In der neuesten Ausgabe „Fakor Sport“ kommt DBS-Botschafter Rainer Schmidt zum Thema Inklusion im Editorial zu Wort. Lesen Sie hier den gesamten Text im Wortlaut:

 

„Zwei Gruppen begegnen sich auf Augenhöhe. Beide haben noch nicht die

Lösung, aber suchen sie gemeinsam“

 

LIEBE FREUNDE DES SPORTS,

Sport und Inklusion, das ist ein großes Thema in diesem Jahr. Ich nutze die Chance, Ihnen kurz darzulegen, warum Inklusion im Sport gelingen kann. Aber nicht gelingen muss.

Inklusion, könnte man sagen, ist die Kunst des Zusammenlebens verschiedener Menschen. Auf Sport übertragen: Junge und Alte, Menschen mit Migrationshintergrund und die, die nur Deutsch sprechen – um das mal ein bisschen umzuwerten –, finden sich in einem Verein zusammen, weil sie sich dort austoben, spielen, Erfolgs- und Gemeinschaftserlebnisse haben können. Sie nehmen nicht nur teil - das wäre Integration: Eine „normale“ Gruppe sorgt dafür, dass die Benachteiligten mitmachen können –, sie haben auch teil: Zwei Gruppen begegnen sich auf Augenhöhe. Beide haben noch nicht die Lösung, aber suchen sie gemeinsam.

Inklusion muss von einer Erkenntnis ausgehen: In der UN-Behindertenrechtskonvention wird nicht mehr aufgeteilt in Menschen mit Behinderung und ohne Behinderung, denn das ist eine medizinische Kategorie. Mediziner sagen: Der weicht von der Norm ab, der hat keine Hände, der ist behindert. Die Frage ist: Braucht der Sport diese medizinische Aufteilung?

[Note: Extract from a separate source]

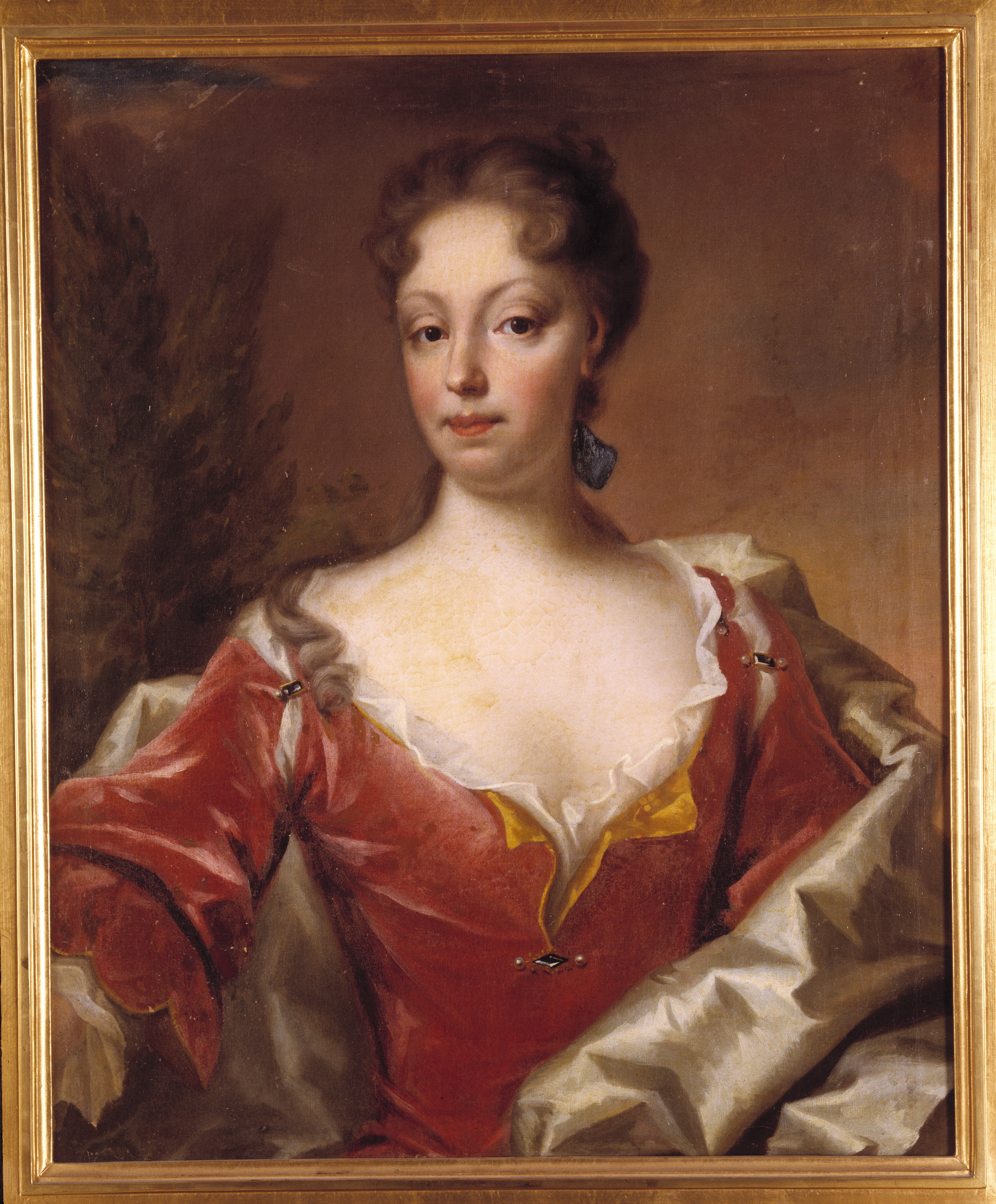 Grevinnan Margareta Fredrika Bonde 1680-1727, gift med greve Abraham Brahe. Midjebild fas huvudet åt vänster, kroppen åt höger. Röd, djupt urringad klänning, vit mantel. På dukens baksida: "Margareta Bonde Comtes de Brahe 42 annee." Oljemålning på duk. Stiftad spännram. Förgylld ram. Ramlistens bredd 83 mm. Signerad på baksidan:"G de Marres pingcit 1721."

Ich glaube, im Wettkampf hat Inklusion Grenzen. Es muss faire Klassen geben. Im Mannschaftssport etwa brauchen alle, die mitmachen, eine bestimmte Fähigkeit. Als Rollstuhlfahrer können Sie sich nicht in eine Fußball-Bundesligamannschaft einklagen, weil Sie dann auf Rechtsaußen stehen und darüber die Hütte vollkriegen. Denn es gibt ein Kriterium: Sie müssen sehr, sehr gut Fußball spielen. Andererseits: Warum nicht mal Tischtennismeisterschaften machen, bei denen Männer und Frauen zusammen antreten? Oder Wettkämpfe im Behindertensport und Nichtbehindertensport in einer Halle veranstalten?

Inklusion im Sport braucht Fantasie. Wir müssen begreifen, dass jeder Mensch Leidenschaft für den Sport entwickeln kann. Unsere Aufgabe ist es, ihm das gemeinschaftliche, gleichberechtigte Ausleben dieser Leidenschaft zu ermöglichen.